Risk-Adjusted Performance

11 of 100

 
Weak
 
Strong
Good
Compared to the overall equity markets, risk-adjusted returns on investments in KB Financial Group are ranked lower than 11 (%) of all global equities and portfolios over the last 90 days. Despite somewhat fragile fundamental drivers, KB Financial sustained solid returns over the last few months and may actually be approaching a breakup point.

1st Constitution and KB Financial Volatility Contrast

   Predicted Return Density   
       Returns  

Pair Trading with 1st Constitution and KB Financial

The main advantage of trading using opposite 1st Constitution and KB Financial positions is that it hedges away some unsystematic risk. Because of two separate transactions, even if 1st Constitution position performs unexpectedly, KB Financial can make up some of the losses. Pair trading also minimizes risk from directional movements in the market.

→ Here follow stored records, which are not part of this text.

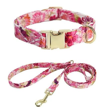 Girl dog collar, cute floral dog collar with detachable bow flower and matching leash Girl dog collar, cute floral dog collar with detachable bow flower and matching leash 1. The girl dog collar is made of cotton fabric with a lovely floral pattern. The bow flower is detachable and super nice to wear on the buckle, on her back, and she doesn’t even know it’s there. Or can be attached to any other collar as required. 2. This large dog collar can be easily adjusted to fit the neck. Collar Width: 1. Matching belt length: 5 feet. Before ordering, please accurately measure your pet’s neck circumference and make sure to leave only 2 fingers between the collar and the dog’s neck. 3. The button is rose gold metal, which is more beautiful and stronger than plastic buttons. Get on and off easily with the quick release buckle. You can engrave your dog’s name and phone number printed on the buckle at your nearest hardware store. 4. The matching floral belt is another bonus! Just attach it to the belt D-ring and you’re good to go. She will look like a princess in this beautiful and stylish bow collar and make people feel more comfortable when approaching her in public.
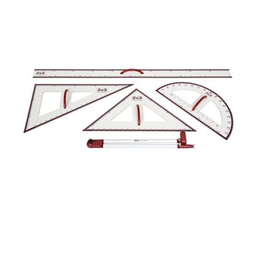 Rinkinį sudaro 2 trikampiai, matlankis, skriestuvas, liniuotė.
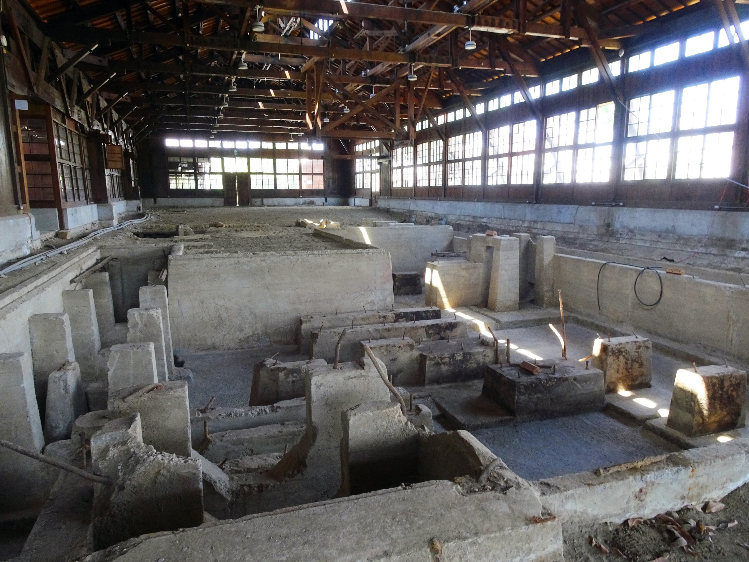 1913年興建完成的嘉義製材所,在阿里山林業開發中扮演木材集散及加工地重要角色,第一代嘉義製材工場1941年地震損毀,1942年於基地東北方興建了大跨距木構造製材工場。2016年4月完成整修, 12月賡續再利用工程,於開工整備時,依據1945年繪製內部配置圖的數條虛線、現場地板龜裂,及文獻記載「木造平屋建地下動力設備」,大膽假設地底下應有掩埋遺構,進行金屬探勘、人工試掘,果然發現極其珍貴的林業文化遺址,讓底藏半世紀的地下動力遺構重現,觸發阿里山林業文化新時代。
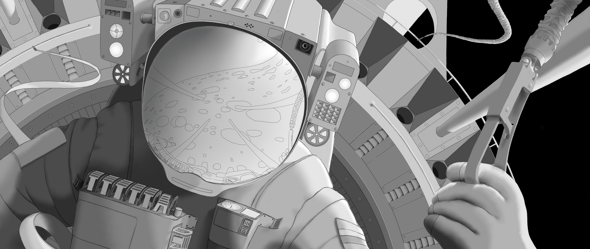 I take ten shades from white to black and start applying light and dark based on the direction of the main source, which is slightly above the center and slightly behind the astronaut. Then, once I understand where the light and dark areas are, I add gray shades for the mid-tone.
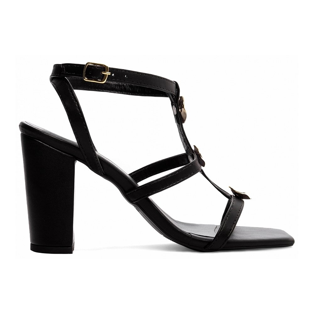 Sandália Salto Grosso 9cm em Napa Preta com Detalhes Dourados – Conforto e Elegância
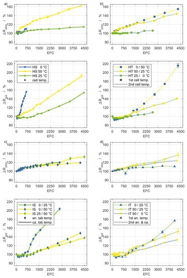 The subfigures (a) in Figure 4 and Figure 5 depicting the homogeneous steady (HS) setups show, as expected, the lowest impedance rise for 25 °C, while the degradation for 50 °C occurs significantly stronger. For 0 °C, the increase of ΔR18s and ΔRpol is even more pronounced, despite less EFC, which is in agreement with the capacity fade. The ohmic resistance in contrast, is not as severely affected by the low temperature condition. Remarkably, the curves of ΔR18s and ΔRpol for HS 25 °C are below 100% through the first 1000 EFC, which indicates that these values decreased in the early stages of cycling. This applies, though less pronounced, to other setups as well and has already been noted by Liu et al. [15].
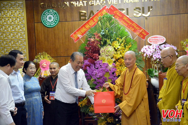 Cũng trong sáng 19/5, Phó Thủ tướng Thường trực Chính phủ Trương Hoà Bình đến chúc mừng Giáo hội Phật giáo TPHCM; chúc mừng Hoà thượng Thích Trí Quảng, Phó Pháp chủ Hội đồng Chứng minh Giáo hội Phật giáo Việt Nam, Trưởng Ban trị sự Giáo hội Việt Nam TPHCM tại Việt Nam Quốc tự; chúc mừng Hoà thượng Thích Thiện Nhơn, Chủ tịch Hội đồng Trị sự Giáo hội Phật giáo Việt Nam tại chùa Minh Đạo-TPHCM. Phó Thủ tướng nhấn mạnh: Cùng với sự phát triển của đạo Phật trên thế giới, đạo Phật vào Việt Nam và gắn bó với dân tộc trong các giai đoạn lịch sử với tinh thần nhập thế, đồng hành, nêu cao tinh thần cứu độ cứu nạn chúng sinh, từ bi, hỉ xả, nhân ái. Phó Thủ tướng chúc mừng thành công của Vesak Liên hiệp quốc 16 và cho rằng, sự thành công này cho thấy sự quan tâm, hỗ trợ, phối hợp của Đảng, Chính phủ, các địa phương trong tổ chức các hoạt động của Phật giáo: "Tôi vui mừng được thấy sự nghiệp Phật giáo ngày càng phát triển, phật pháp tốt, tín đồ ngày càng đông, thực hiện đường lối đạo pháp dân tộc- chủ nghĩa xã hội tốt đẹp. Tôi xin được chia sẻ cùng niềm vui của Giáo hội, chư vị giáo phẩm, tăng ni phật tử".
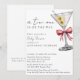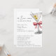 Una Tini está en camino. Simple invitación minimalista de baby shower rosa con código QR - Una invitación simple y minimalista de baby shower de estilo acuarela para una niña. Con caligrafía y fuente de bloque elegante. Una ilustración de acuarela de un martini sucio con dos aceitunas y un lazo coqueto rosa adorna la esquina superior derecha. Edite esta plantilla de invitación de baby shower con los detalles de su evento. Haga que sea fácil para sus invitados acceder a su lista de regalos de bebé agregando la URL de su sitio web de lista de regalos de bebé al código QR en la parte trasera de la invitación. Todo el texto es editable. También disponible como descarga digital instantánea, una forma ecológica de enviar invitaciones por mensaje de texto, correo electrónico o redes sociales.
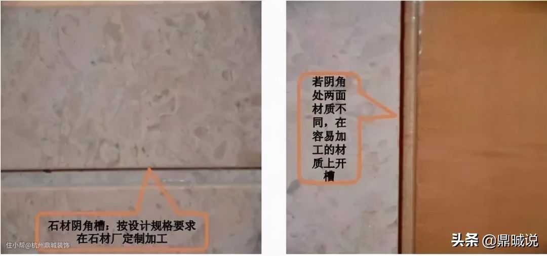 4、其它阴角槽:若阴角处两面材质不同,在容易加工的材质上开槽。施工图片:
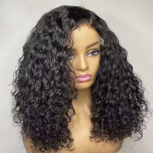 Pelucas delanteras de encaje ondulado con agua para mujer, peluca Bob con cierre brasileño, pelucas cortas frontales de encaje transparente 13x4, cabello humano prearrancado | Aliexpress
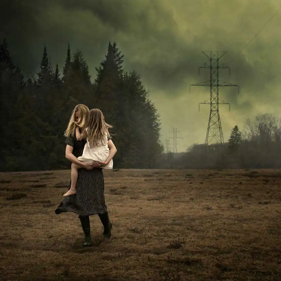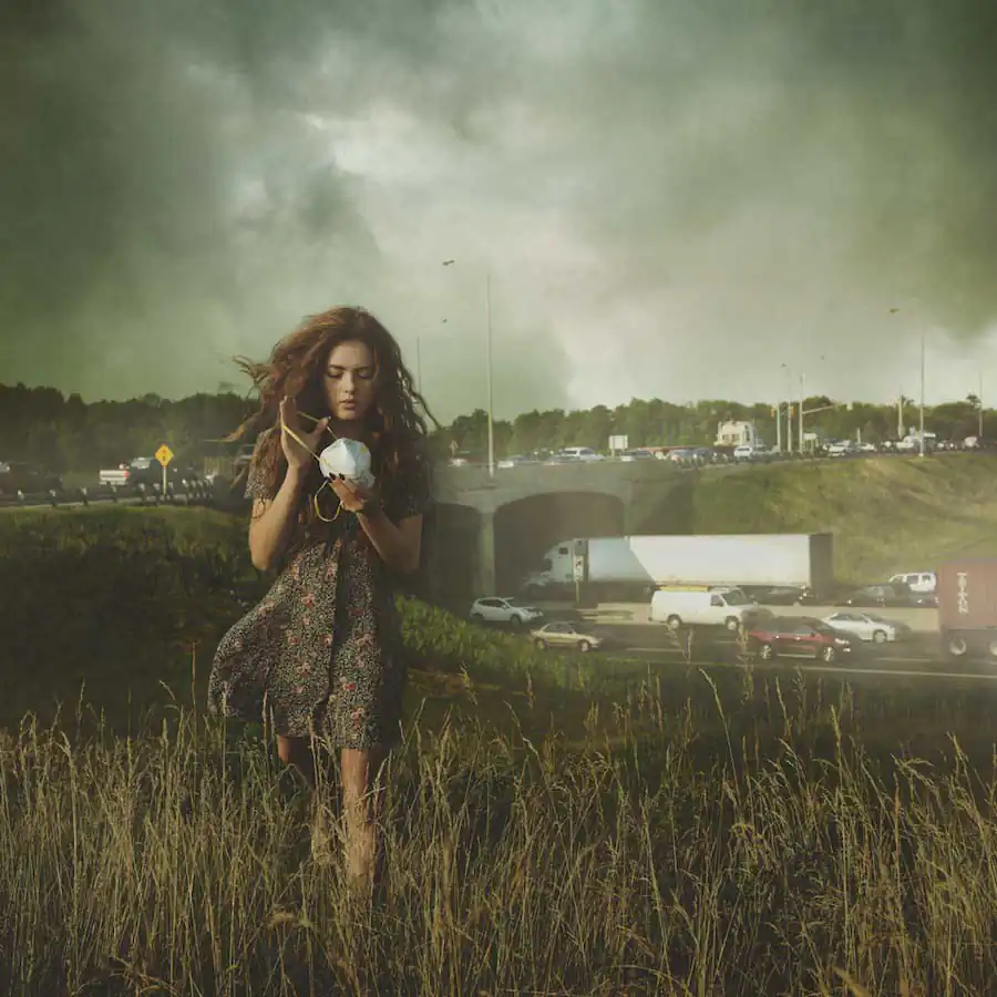 This award winning environmental series focuses on major ecological issues that we face as a society. It is meant to pose the question “How big is your carbon footprint?” by taking on subjects like air and water pollution, vanishing honeybees and deforestation. The first in the series “Leaving the Grid Behind” was what gave the series its title by focusing on one’s own carbon footprint. Need vs. want. Throughout the series the viewer will find a recurring theme of dramatic skies and green/yellowish toxic hues to create the feeling of an ailing world. The only time you don’t see the ominous tones is in a photo called “Rising Up An Earthen Beauty.” It technically isn’t part of the series but I often find myself including it because this is the photo that made me believe I could portray environmental concerns in a conceptual way. It was a commissioned piece and the more I looked at it I found myself imagining Mother Earth rising up out of a decaying earth.
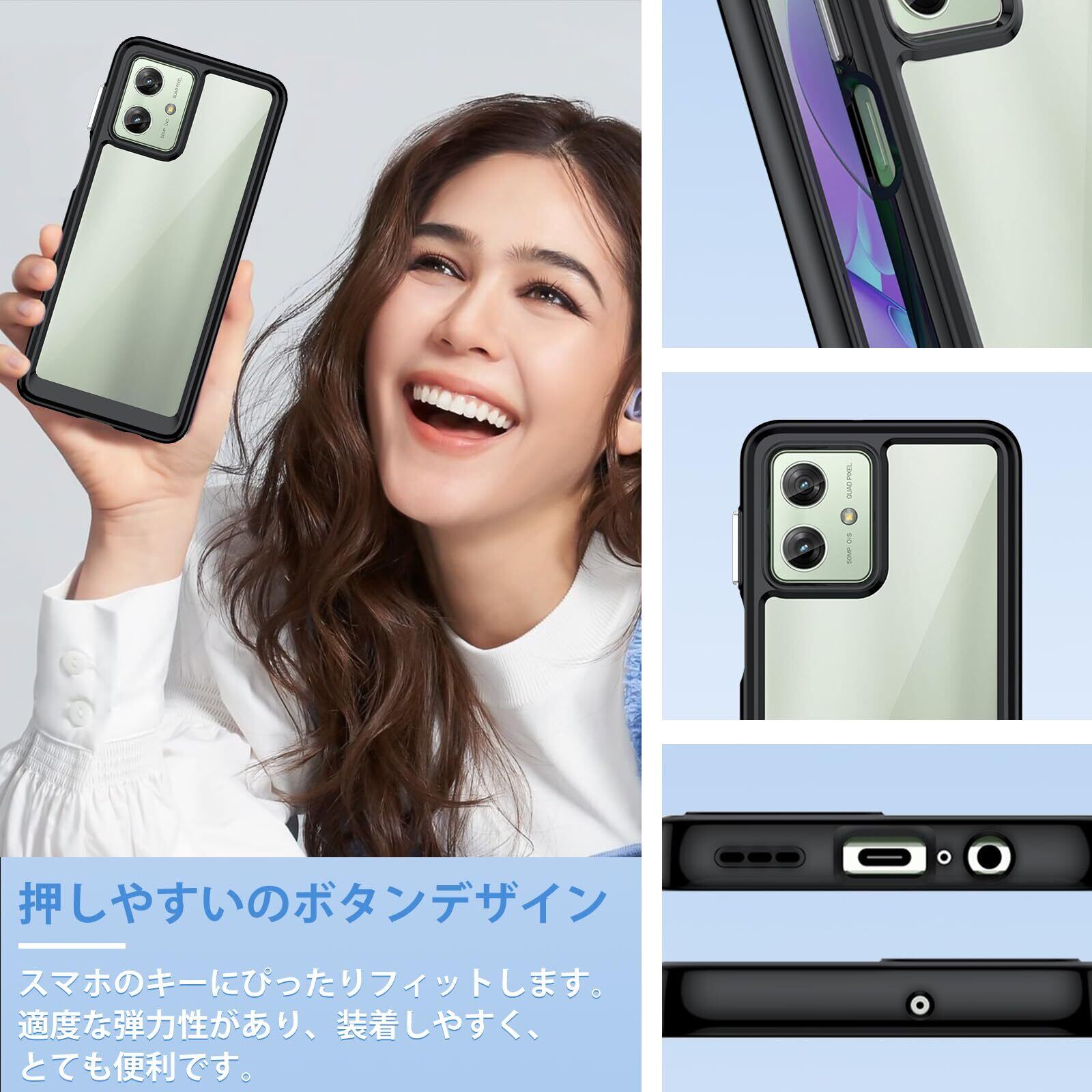 [高品質TPU+PC素材] Motorola(モトローラ) Moto G64 保護ケースのフレームはTPU素材で作られており、保護ケースの背面パネルはPC素材で作られています。耐久性に優れ、外側部分がある程度の衝撃を吸収し、側面の滑り止め設計でを防ぎます。特殊加工を施し、より透明度が高く、指紋が付きにくく黄ばみを防ぎます。適度な柔らかさと弾力があり、手に馴染みやすく滑りにくいです。硬すぎず柔らかすぎない素材なので装着しやすくしっかりと固定できます。ケースの背面は透明で透明度が高くて、ファッショナブルで独特な輝きを放ち、シンプルで高級感が溢れています。特殊な酸化防止処理により黄変しにくく、透明感を長期間維持します。
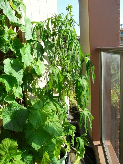 花オクラ(トロロアオイ)の種が発芽して10週間ほど経ちました。高さはとうとう140cmに達しました。
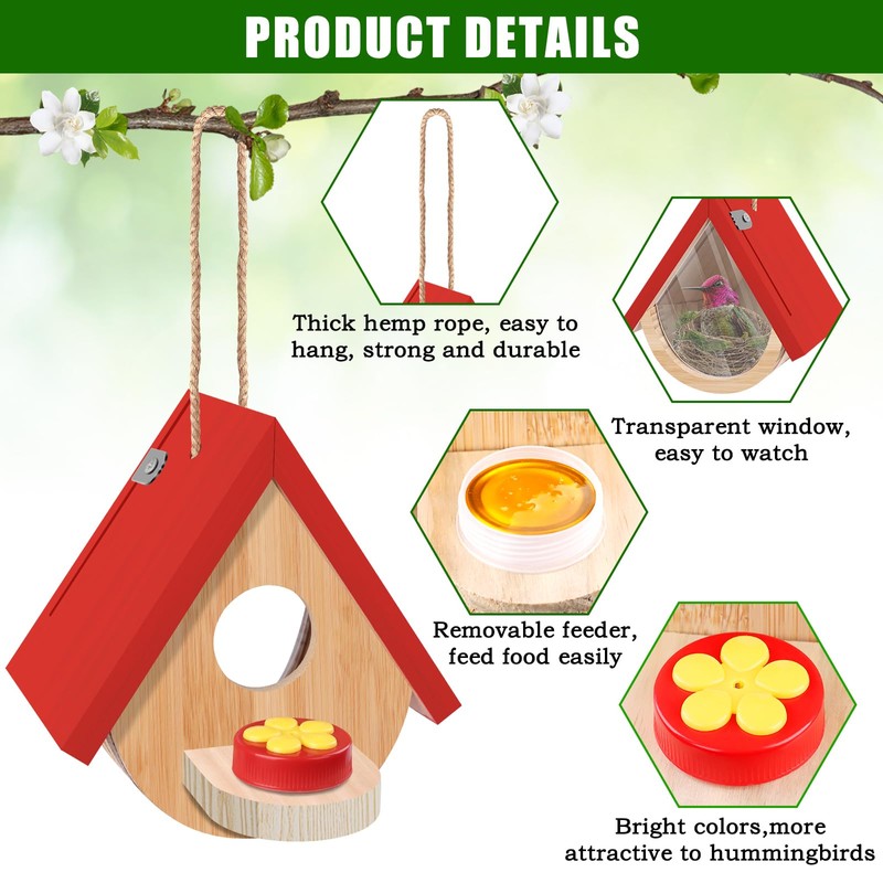 2 Pack Hummingbird Houses with Feeder, Wooden Hanging Bird House Outside, Window Birdhouse for Viewing Inside with Hemp Ropes for Bluebird Finch Chickadee Nesting
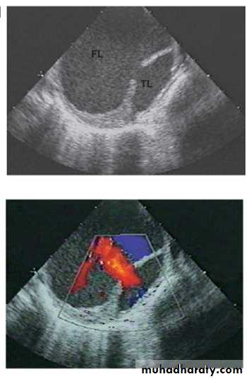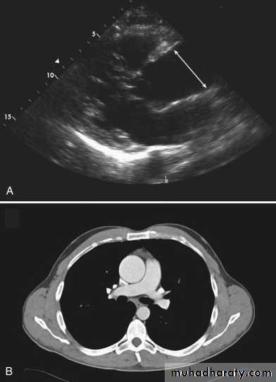 InvestigationsDoppler echocardiography may show aortic regurgitation, a dilated aortic root and, occasionally, the flap of the dissection. Transoesophageal echocardiography is particularly helpful because transthoracic echocardiography can only image the first 3-4 cm of the ascending aorta. CT and MRI are both highly specific, and angiography of the aortic arch is not usually required unless these techniques are not available.
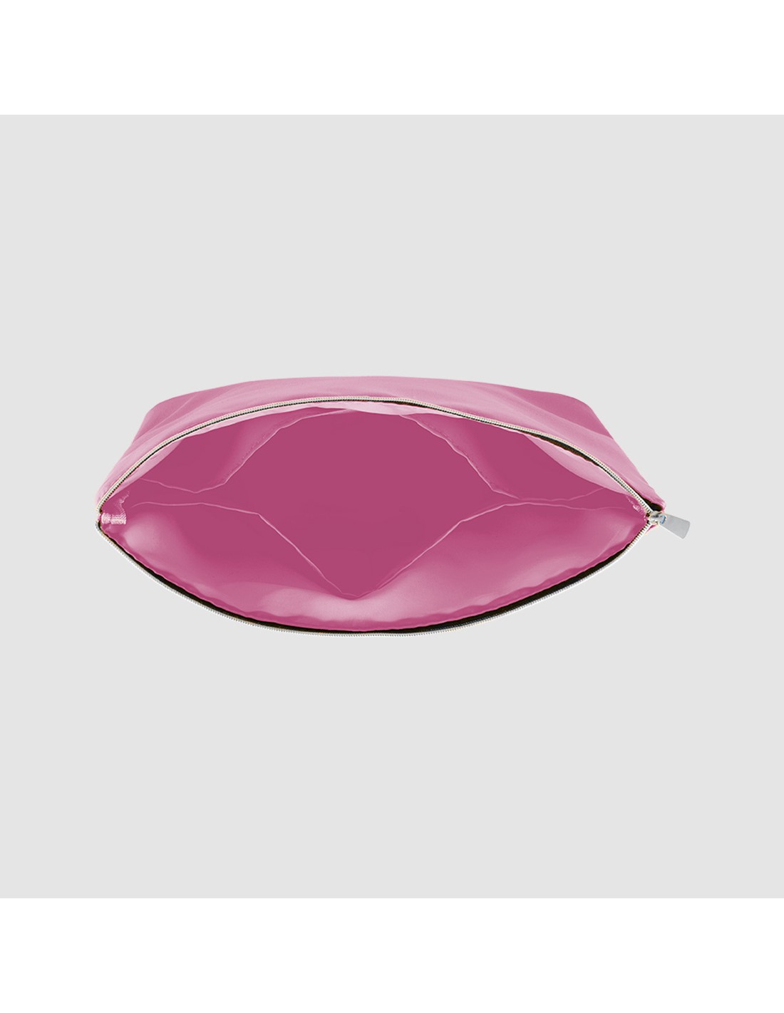 Trousse de toilette en forme trapèze au design indémodable, dotée d'une fermeture zip sur le dessus.

For example, if an entire industry or sector drops because of unexpected headlines, the short position in KB Financial will offset losses from the drop in KB Financial's long position.
The idea behind 1st Constitution Bancorp and KB Financial Group pairs trading is to make the combined position market-neutral, meaning the overall market's direction will not affect its win or loss (or potential downside or upside). This can be achieved by designing a pairs trade with two highly correlated stocks or equities that operate in a similar space or sector, making it possible to obtain profits through simple and relatively low-risk investment.
Check out your portfolio center.
Note that this page's information should be used as a complementary analysis to find the right mix of equity instruments to add to your existing portfolios or create a brand new portfolio. You can also try the Price Exposure Probability module to analyze equity upside and downside potential for a given time horizon across multiple markets.